By contrast to the structural nucleic acids, in protein sequences
such compositional-induced changes occur predominantly in the
third-codon positions, which because of the degeneracy of the
genetic code have a minimal effect on the encoded amino acid
sequence.
(iii) In the case of 16S rRNA the alignment of sequences from
various species is carried out based upon the assumption that
similar secondary structural constraints apply in very distantly
related species. However, the assumption of constancy of
secondary structure in distantly related species remains largely
untested, to the best of my knowledge. This assumption could
potentially introduce serious bias in the alignment which in turn
could lead to incorrect phylogenetic relationships for certain
species. By contrast, for alignment of protein sequences from
different species, no assumption concerning secondary structure
need be made.
(iv) The length of SSU varies considerably between prokaryotes
and eukaryotes, and show tremendous variation within the
mitochondrial homologs (from 612 nt in Crithidia fasiculata to
1955 nt in Wheat; M. Gray, Biochem.Cell Biol. 66, 325, 1988).
This length variation should be of concern in terms of sequence
alignment and phylogenetic analysis. In contrast, for some of the
highly conserved proteins such as Hsp70, the length in all
species as well as organelles is very similar (excluding the
targetting sequences and a small variable region at the C-
terminal end that is not used for phylogenetic purposes).

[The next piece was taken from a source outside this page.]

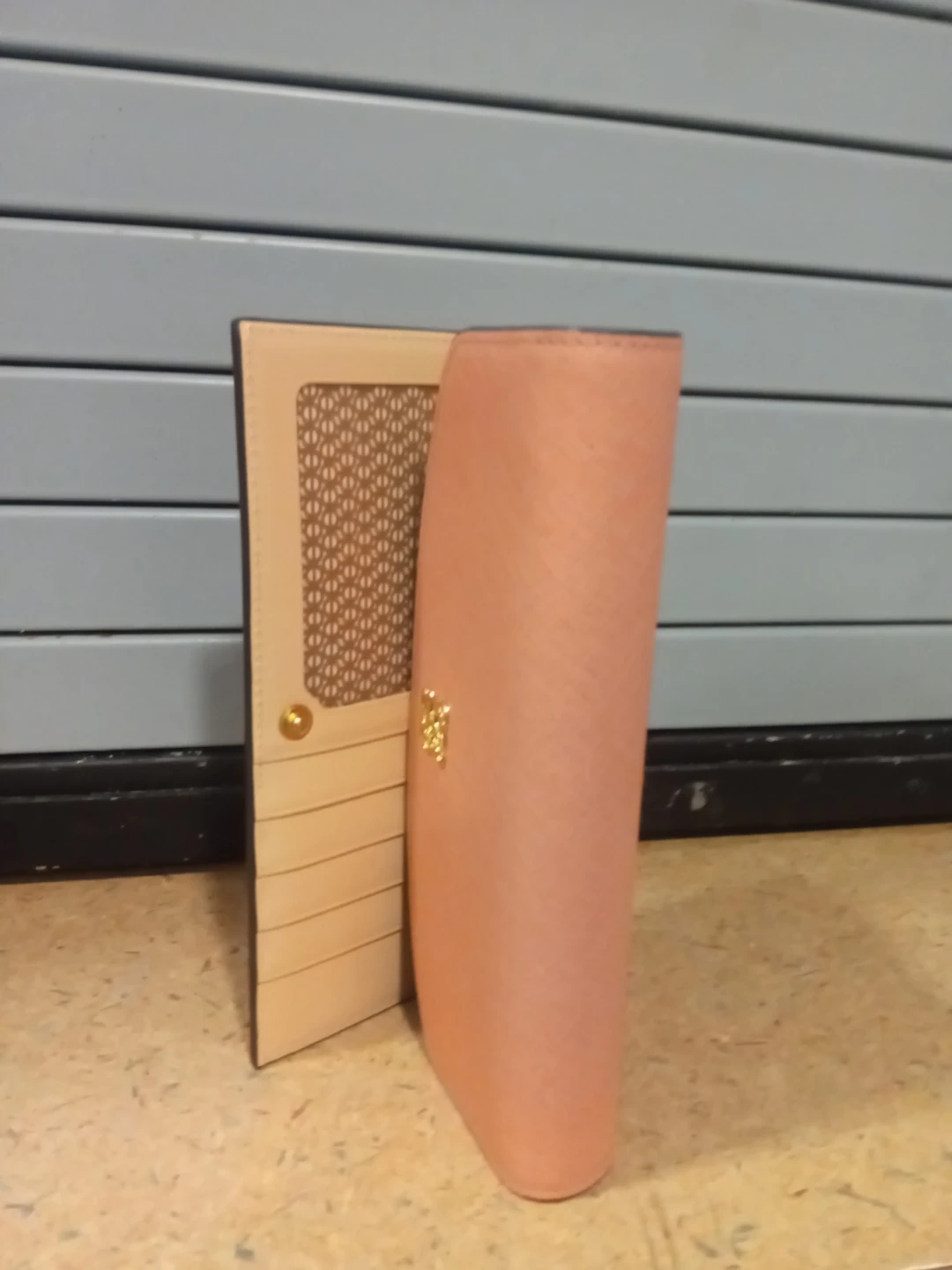 Louis QuatorzePink flap wallet in a nice pink colour. It's made of leather and has a gold logo. Plenty of room for your cards and cash!

(v) The rRNA genes are present in multiple copies in most
(perhaps all) prokaryotic and eukaryotic organisms. The extent of
sequence differences between these genes is presently not clear,
and this is a potential source of problem in phylogenetic
analysis. In contrast, for some of the well characterized
proteins such as hsp70, only a single gene has been found in all
prokaryotes (except E.coli where a gene duplication has taken
place).
(vi) James McInnerney wrote:
> One of the main reasons that rRNA have been used for
> phylogenetic reconstruction is the idea that they are
> directly vertically transmitted and are not subject to
> lateral gene transfer.
Given the multiple copies of rRNA genes that are present in
various organisms, and their conserved function, I am not sure
how one could conclude that they are better than many of the
other genes in this regard.
However, for some of the well characterized and highly
conserved protein such as Hsp70, the possibility of horizontal
gene trasfer or exchange between species can be excluded based on
the distinctive sequence signatures that are present in homologs
from the major groups of prokaryotes. Likewise the possibility of
exchange between organellar and nuclear cytosolic homologs can
also be ruled out based on the distinctive sequence signatures in
the two types of homologs.
Thus, while the rRNA has, and would continue to serve a very
useful role in molecular evolutionary studies, it would be wrong
to conclude they are ideally suited for all types of studies. In
my opinion, it would be even a greater mistake to slight the
protein phylogenies, as they offer several advantages in
comparisons. It is likely that the evolutionary relationships
amongst the deepest branches in the tree of life, as well as the
root of the universal tree, will be clarified by the protein
based phylogenies rather than by the rRNA.
Radhey S. Gupta
McMaster University
P.S. I will respond to Arlin Stoltzfus and Larry Moran's postings
in a few weeks time after my grant writing is over.